Repeat the listing exactly. Do not carry over any pictures.

§ **DATA SHOWN**
━━━━
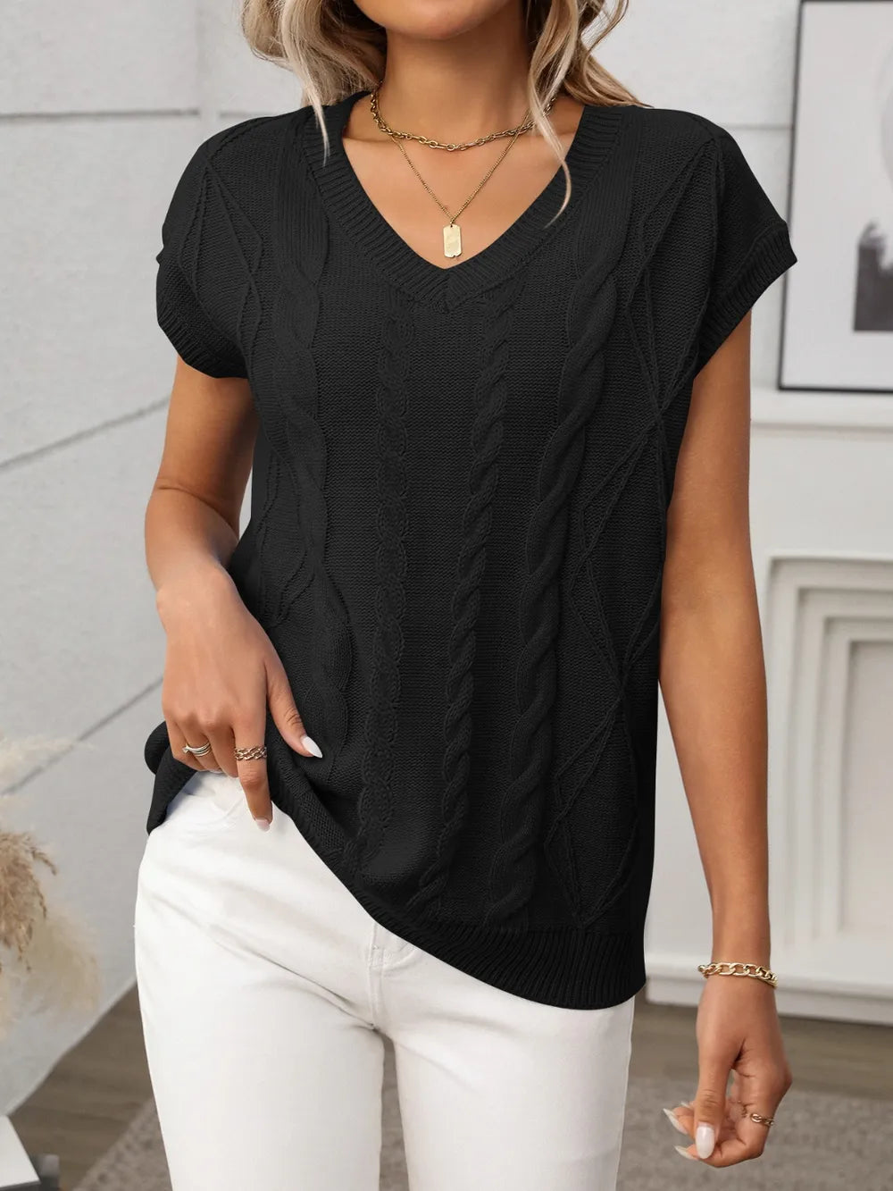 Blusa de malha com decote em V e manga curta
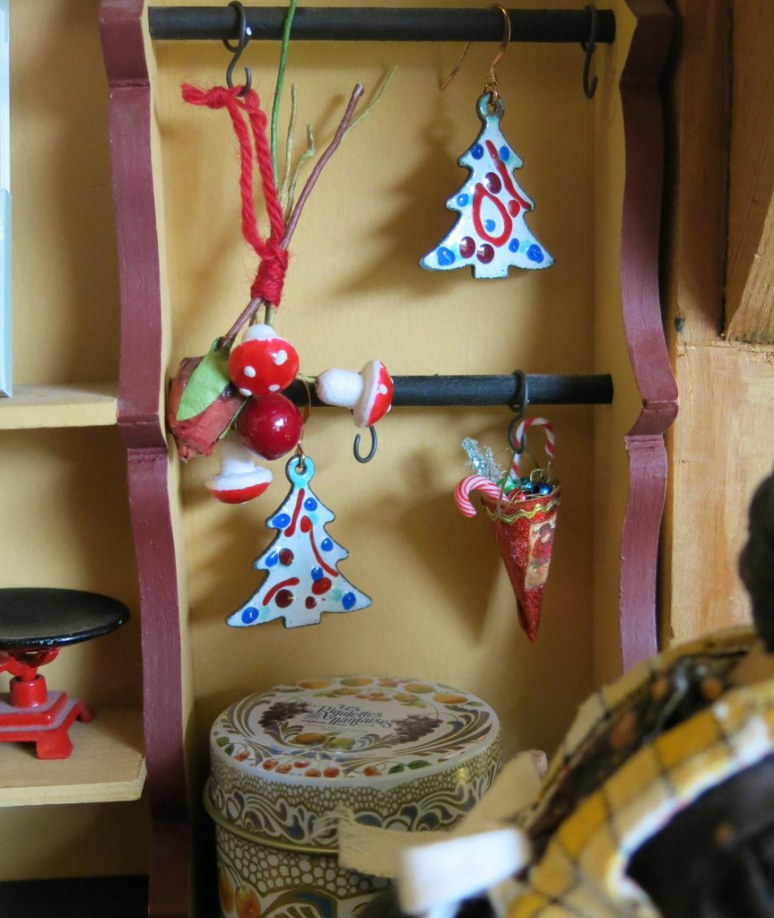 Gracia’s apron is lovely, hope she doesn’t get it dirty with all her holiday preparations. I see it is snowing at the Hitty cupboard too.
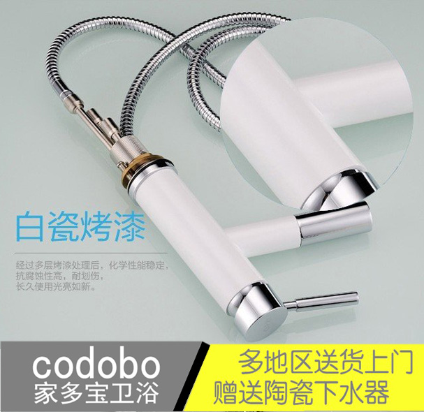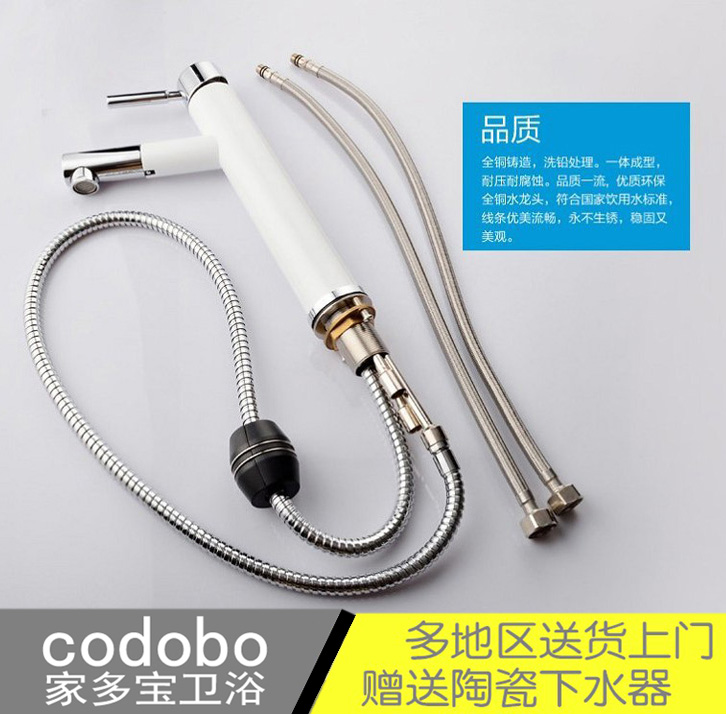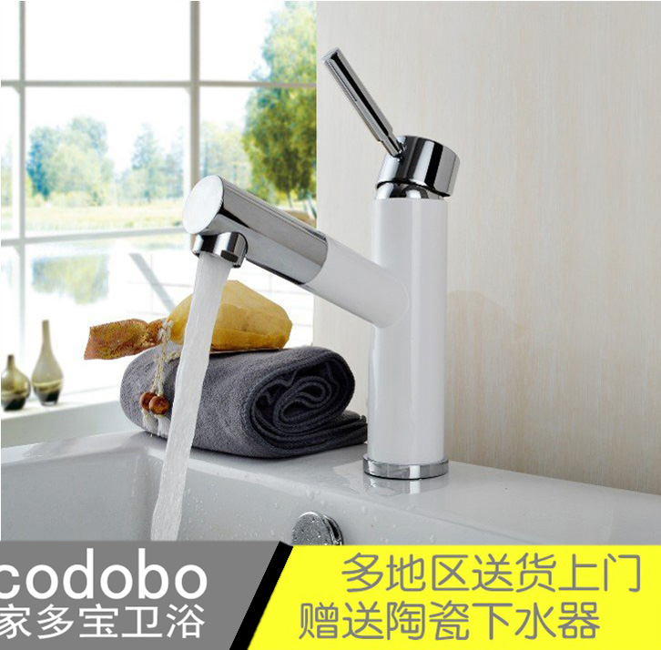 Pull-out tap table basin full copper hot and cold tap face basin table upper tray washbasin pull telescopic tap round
━━━━
§ **ANSWER BOX**
 Blusa de malha com decote em V e manga curta
 Gracia’s apron is lovely, hope she doesn’t get it dirty with all her holiday preparations. I see it is snowing at the Hitty cupboard too.
 Pull-out tap table basin full copper hot and cold tap face basin table upper tray washbasin pull telescopic tap round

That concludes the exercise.